The resistance of copper increases by approximately 0.393% for every degree Celsius above 20°C. In the middle of summer, the temperature inside a roof-mounted PV conduit can easily reach 70°C (158°F). This 50-degree differential increases the electrical resistance of the wire by nearly 20%.
If you design a solar array with a theoretical 2.8% voltage drop based on room-temperature calculations, the heat of the summer sun will push that resistance up, resulting in a real-world drop of over 3.3%. This is another compelling reason why professional solar engineers aim for a strict 2% calculated limit—it provides a vital safety buffer for high-temperature resistance spikes.
If your solar system is underperforming, voltage drop might be the invisible culprit. Here are the most common symptoms indicating that your PV wire sizing is insufficient.
Your charge controller reads "Bulk" or "Absorb", but the batteries never reach float stage, even on sunny days.

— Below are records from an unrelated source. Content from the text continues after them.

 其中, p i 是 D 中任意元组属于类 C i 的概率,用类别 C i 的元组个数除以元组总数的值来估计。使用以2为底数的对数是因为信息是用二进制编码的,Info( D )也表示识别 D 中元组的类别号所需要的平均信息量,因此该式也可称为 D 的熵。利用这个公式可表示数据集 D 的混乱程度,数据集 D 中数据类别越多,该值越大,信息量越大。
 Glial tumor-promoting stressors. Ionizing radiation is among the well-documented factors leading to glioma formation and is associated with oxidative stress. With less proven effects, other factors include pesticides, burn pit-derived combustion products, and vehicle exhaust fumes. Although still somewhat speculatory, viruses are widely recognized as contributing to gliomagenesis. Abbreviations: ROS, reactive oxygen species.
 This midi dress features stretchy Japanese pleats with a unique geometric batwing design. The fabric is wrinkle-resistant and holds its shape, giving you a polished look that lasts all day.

If the voltage drop between the controller and the battery bank is too high, the controller may "think" the battery has reached its target voltage (e.g., 14.4V) when the battery itself is only receiving 13.8V. Fix: Thicken the cables between the charge controller and the battery bank. This run should always be kept under 3 feet if possible, using 4 AWG or larger cable.
Your grid-tied inverter shuts down or displays an error during the brightest part of the day. As sunlight peaks, current (Amps) hits its maximum. Maximum current equals maximum voltage drop. If the drop pulls the input voltage below the inverter's minimum MPPT window, the inverter will simply shut off to protect itself. Fix: Rewire panels from parallel to series to increase voltage and decrease current.

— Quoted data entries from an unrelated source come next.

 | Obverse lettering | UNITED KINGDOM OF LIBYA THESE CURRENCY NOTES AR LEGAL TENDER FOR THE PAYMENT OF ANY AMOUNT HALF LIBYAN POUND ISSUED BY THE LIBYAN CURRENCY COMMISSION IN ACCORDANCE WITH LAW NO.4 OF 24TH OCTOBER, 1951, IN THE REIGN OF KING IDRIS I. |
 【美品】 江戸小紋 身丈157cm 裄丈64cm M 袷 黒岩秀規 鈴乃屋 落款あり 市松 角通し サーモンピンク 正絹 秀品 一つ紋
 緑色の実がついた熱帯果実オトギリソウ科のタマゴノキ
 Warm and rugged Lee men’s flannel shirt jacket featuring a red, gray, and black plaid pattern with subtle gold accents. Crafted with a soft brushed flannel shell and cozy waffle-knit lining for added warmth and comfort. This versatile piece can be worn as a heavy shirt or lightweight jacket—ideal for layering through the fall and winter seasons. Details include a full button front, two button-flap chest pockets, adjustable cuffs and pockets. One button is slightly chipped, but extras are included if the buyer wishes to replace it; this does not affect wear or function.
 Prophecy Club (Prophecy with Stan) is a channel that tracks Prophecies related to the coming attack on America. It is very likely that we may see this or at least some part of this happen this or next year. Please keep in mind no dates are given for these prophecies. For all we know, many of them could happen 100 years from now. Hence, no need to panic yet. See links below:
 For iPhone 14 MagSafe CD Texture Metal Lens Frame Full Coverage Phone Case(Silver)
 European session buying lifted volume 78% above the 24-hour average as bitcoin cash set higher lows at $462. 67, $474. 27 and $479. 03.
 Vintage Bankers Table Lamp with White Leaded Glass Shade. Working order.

You have 1000W of solar panels on the roof, but you never see more than 750W at the controller. While some loss is expected due to panel temperature and atmospheric conditions (NOCT ratings), a massive 25% discrepancy often points to power being dissipated as heat in long, undersized cable runs. Fix: Use this calculator to check your existing wire gauge against the actual distance. Upgrade the wire if the percentage exceeds 3%.
Voltage Drop = (2 × Wire Resistance × Distance × Current) ÷ 1000. Or simply use our calculator above. You'll need to know your wire gauge, the one-way distance in feet, the string voltage, and the maximum current of the solar string.